Fiat 500X Emissions 2200% Over Legal Limit


Following the much publicized and highly damaging VW emissions scandal that led to the brand all but abandoning diesel vehicle sales in the US, Deutsche Umwelthilfe (DUH) has begun testing other carmakers’ products to see how they stack up. The resulting tests have caught a few more cheaters, but few have racked up scores as high as the Fiat’s.

In terms of raw numbers, the DUH found that the Fiat emissions system tested produced 1777 mg of NOx per kilometer at its peak in the 500X. Considering the legal limit is 80 mg, it’s clear that Fiat-Chrysler might have a cheating problem.

“The extreme overruns of NOx emissions that have meanwhile been detected with an Opel Zafira, a Renault Espace, a Mercedes C class and now a Fiat SUV are technically not plausible and point towards defeat devices,” says Axel Friedrich, co-founder of the Washington-based International Council on Clean Transportation (ICCT) that commissioned the original investigation into Volkswagen’s deliberate diesel test-rigging.

Fiat-Chrysler has, according to the sources indicated, below, declined comment on DUH’s claims- although Fiat executives did say, on Feb 2nd, that its diesel vehicles do not carry defeat devices. The company, instead, claimed that, while emissions levels may vary depending on driving conditions, its cars’ control systems operate in the same way under the same conditions, whether in a laboratory or on the road.

If the DUH is right, I guess that means the otherwise likable Fiat 500X produces 22x the legal limit of nitrous emissions in the real world, too?

What do you guys think? Will Fiat be the next company to get caught out by independent emissions testing, or are the testers themselves getting a little over-zealous? Let us know what you think in the comments section below.

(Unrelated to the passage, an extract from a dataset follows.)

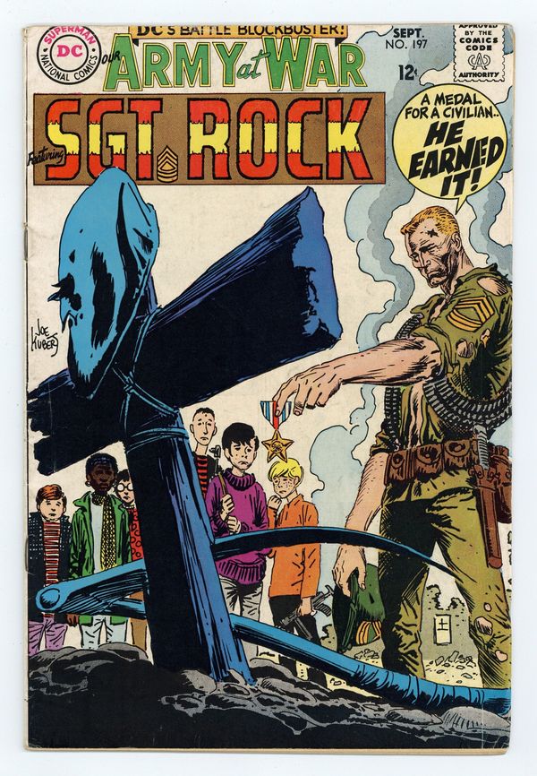 Cover art by Joe Kubert. Last Exit For Easy starring Sgt. Rock and the team of the Kid Guerillas of Unit 3, script by Bob Kanigher, art by Russ Heath. No Foxhole for Baby, script by Howard Liss, art by Jack Abel. 36 Pages, Full Color. Cover price $0.12.

Sources | Images: Automotive News, via Motorpasion.

About the Author

I’ve been in the auto industry 1997, and write for a number of blogs in the IM network. You can also find me on Twitter, at my Volvo fansite, or chasing my kids around Oak Park, IL.

  • ricksanchez1

    22x for emissions? I’m thinking there’s a bunch of Fiat executives hoping we never discover where the 500x part of the name comes from!

  • James Rowland

    This doesn’t surprise me. Real world emissions are often far higher than those on the statutory tests – which are unrepresentative of real driving and can be gamed to improve scores without breaking any rules.

    Even if Fiat did go one stage further like VW and employ a defeat device, regulators still have to prove it exists for there to be legal consequences.

    • james64ibm .

      It is still noteworthy that the older VWs with an activated defeat device produced much less NOX then a Fiat with everything – seemingly – in working order.

  • Joe Viocoe

    Not defending anyone… but NOx can be very misleading.

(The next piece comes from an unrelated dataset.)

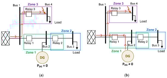 DG impact on fault current—sympathetic tripping: (a) without DG generation and (b) with large-scale DG generation.

    NOx is one of those emissions that has more to do with engine conditions, than fuel.
    CO2 and other emissions are directly related to how much fuel is burnt. So those emissions don’t vary a whole lot unless the efficiency of the engine is drastically different.
    So if the “real world test” is within 10% of the MPG of the EPA or Euro standard cycle.. all other emissions should be within 10%.

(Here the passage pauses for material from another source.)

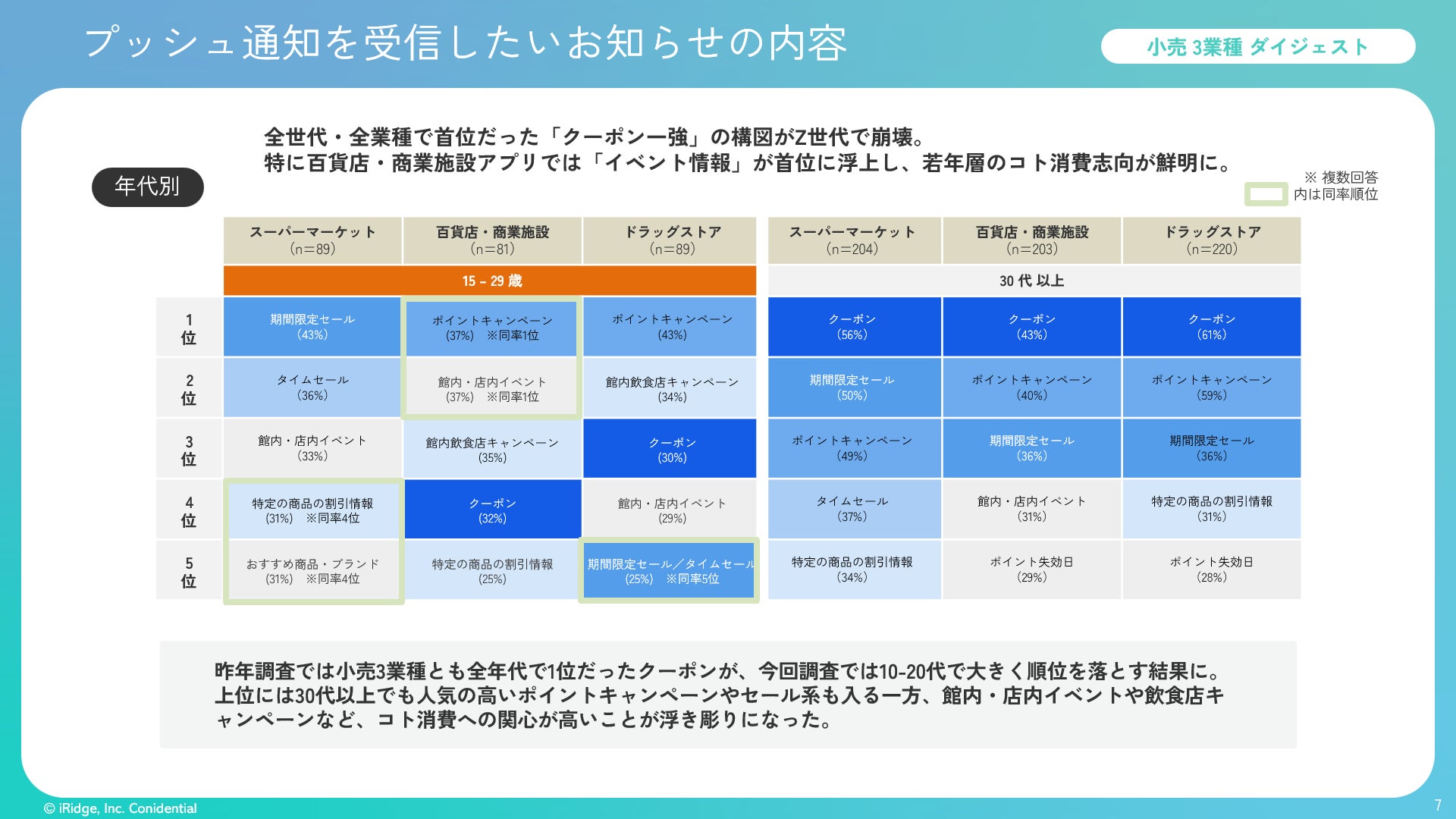 ・プッシュ通知を受信したいお知らせの内容では、昨年調査時は小売3業種とも全年代で1位だったクーポンが、今回調査では10-20代(Z世代)で大幅下落

    But NOx is a tricky beast that can go completely off the chart if you run the engine at different loads, temperature, altitude, with fuel impurities, or even a faulty sensor.
    Even if MPG is fairly close to government tests… under varying conditions, NOx can change substantially.

    It is a good thing to have independent tests… but there unless there is a “standard”, the results have little meaning.
    However, this may highlight the need for the Euro cycle to become more like real world driving.

  • PhilLC

    don’t believe everything you read. Real world emissions or fuel consumption are rarely close to those achieved in a lab and everyone knows that. The authorities should be going after trucks and the like which spew plumes of black soot – these must be a million % more than any modern diesel car and yet we still keep seeing them on our roads.

    • Everyone knows that NOW. A year ago, I think most people were fully fooled. Certainly most “non-car people” were.

      • PhilLC

        the people making all the hoopla also knew, but they have an agenda…

        • Uh-oh. I think your tin hat might be chafing.

          • PhilLC

            quite frankly, I’ve given up caring; I’m only a customer and have to trust the system – unfortunately both those who make the rules and those who are supposed to implement it are not angels – now that we know a little more we have to live with it. Hopefully the real culprits, whoever and wherever will pay.

    • Raphael Sturm

      The Fiat 500X emits more NOx than a 40 ton, Euro 6 rated truck on the on road test, which is mandatory for new trucks in Europe. And the truck moves around 40 tons, 80,000 pounds of goods, the 500XL moves 75kg of person ad 20 kg of luggage.

      • PhilLC

        οh, did anyone check that truck in real driving conditions?

        • Raphael Sturm

          Those trucks are tested in real driving conditions with portable emissions measurement systems. Those real driving emissions tests are mandatory for passing the Euro 6 standard.

          • PhilLC

            in which case, I smell something ‘fishy’; not in a million years can a dinky 2L diesel (if its the version we’re talking about, and which is also in several other FCA products) can be so much dirtier than a truck’s engine. Looks like a ‘set-up’ to me.

          • Raphael Sturm

            No, the same engine was tested several times by different organizations and it was always the dirtiest. Auto-Motor-Sport, did a test with different Euro 6 diesels, a Ford Fusion ecoboost and a Audi Q3, with the cheat engine and the Fiat 500XL the 1.6l diesel in that case, was by far the worst, it emitted more than 10 times the permitted NOx levels with the second to last place going to a Volvo XC90 with a 2l diesel(Emitting 6 times the allowed maximum). The Fiat was the smallest and lightest car and especially in city driving it emitted 4 times as much as the average diesel car in the test. And its not like other diesel cars were as clean as they should be, but the Fiat was by far the worst.

  • AaronD12

    This is why we need to stop burning fossil fuels now. We are very close to, if not at the zenith of, our abilities to squeeze the most power out of fossil fuels with the least amount of emissions. There may be fractional improvements over the years, but it ain’t enough.

    • I don’t think that’s entirely true- but for many, many other reasons: yes, I agree.

  • Sherdy

    This is the second report I’ve seen indicating that the popular Fiat 500X is about the dirtiest car on the road.
    This would normally be a cause for concern, but both test reports came from German environmental bodies I’d never heard of.
    So I wonder would there be any connection between the fact that the omnipotent VW group which includes Audi, Seat, Skoda et al were found to have actually fitted cheat devices, would someone be trying to muddy the water to give the impression ‘sure they are all cheating’ without having any proof whatever!

    • Maya Auto Gallery

      Can you point me to the other post please?

      • Sherdy

        Can’t remember the date but I read it in Automotive News Europe edition about two weeks ago.

    • You should never attribute to conspiracy what can more easily be attributed to stupidity. That said: no. No connection.

      • Sherdy

        We are talking big business and big money with political influence.
        Possibly you have led a sheltered life, Jo.

  • Raphael Sturm

    Just to add some spicy details, the little Fiat might have even succeed the 22 times, because those 22 times, or 1777mg, was the detection limit of the emissions measurement system. So it could have been even more. The car emits more NOx than a 40 ton, Euro 6, truck under the same conditions.